What is being asked:
Lines before the one containing "잔여물이 남았으면 물로" are not wanted; restate the rest below word for word, through the last line, but drop any pictures.

Dataset excerpt:

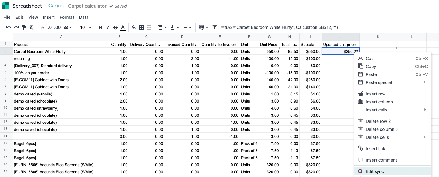 You can then sync your new Updated unit price field with the Sales Order line in the quotation. To do this, right-click on the Updated unit price cell and click on Edit Sync.
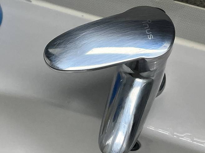 잔여물이 남았으면 물로 가볍게 헹궈 주세요. 그리고 다시 마른 수건으로 닦습니다. 수전의 얼룩이 모두 지워지고 광이 납니다.
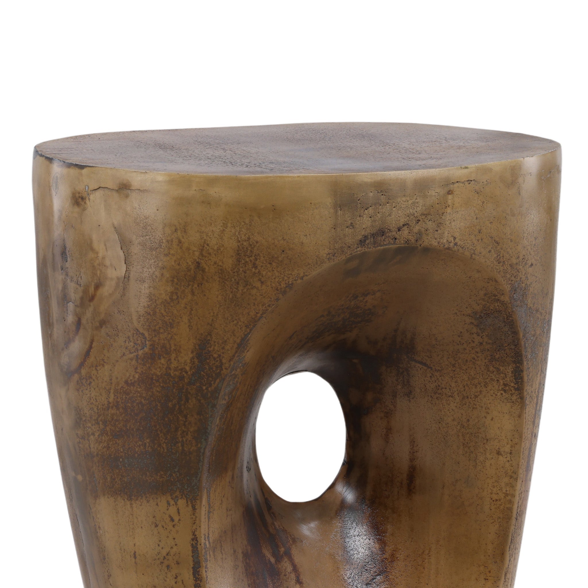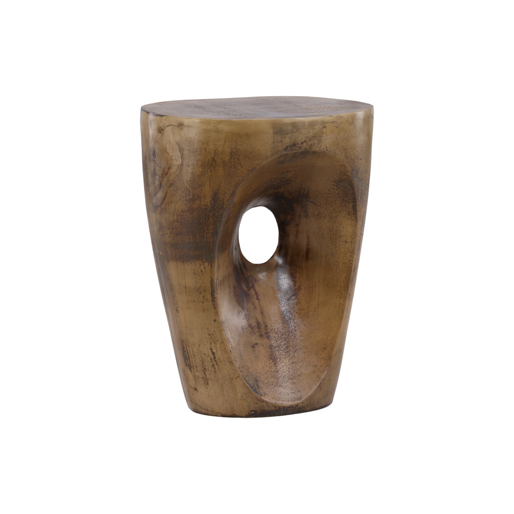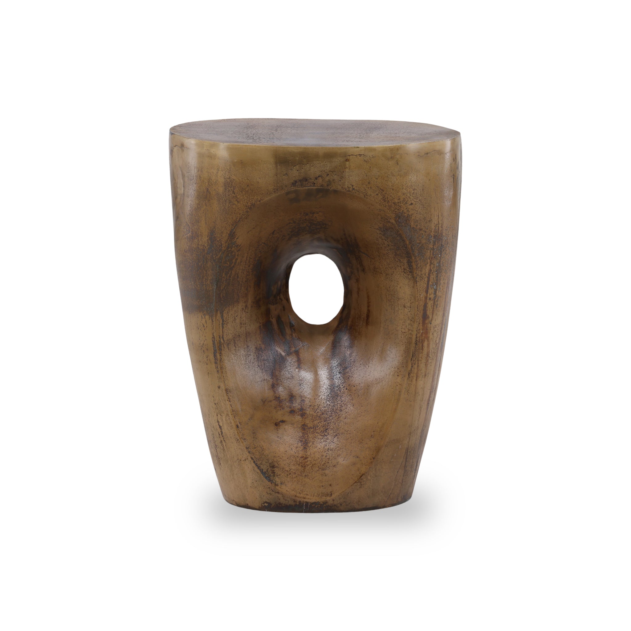 Cette pièce est à la fois une œuvre d'art abstraite et un meuble. Sa forme massive est rythmée par un vide asymétrique unique. Avec sa patine profonde et vieillie, ce meuble polyvalent peut servir de table d'appoint moderne, de support pour une sculpture ou de tabouret original.
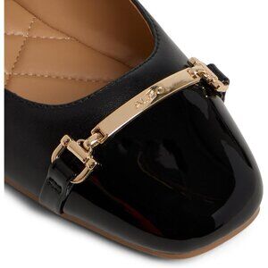Aldo Womens Black Synthetic Closed Square Toe Low Wedge Heel Leanne Ballet Flat

Solution to the problem:
 잔여물이 남았으면 물로 가볍게 헹궈 주세요. 그리고 다시 마른 수건으로 닦습니다. 수전의 얼룩이 모두 지워지고 광이 납니다.
 Cette pièce est à la fois une œuvre d'art abstraite et un meuble. Sa forme massive est rythmée par un vide asymétrique unique. Avec sa patine profonde et vieillie, ce meuble polyvalent peut servir de table d'appoint moderne, de support pour une sculpture ou de tabouret original.
Aldo Womens Black Synthetic Closed Square Toe Low Wedge Heel Leanne Ballet Flat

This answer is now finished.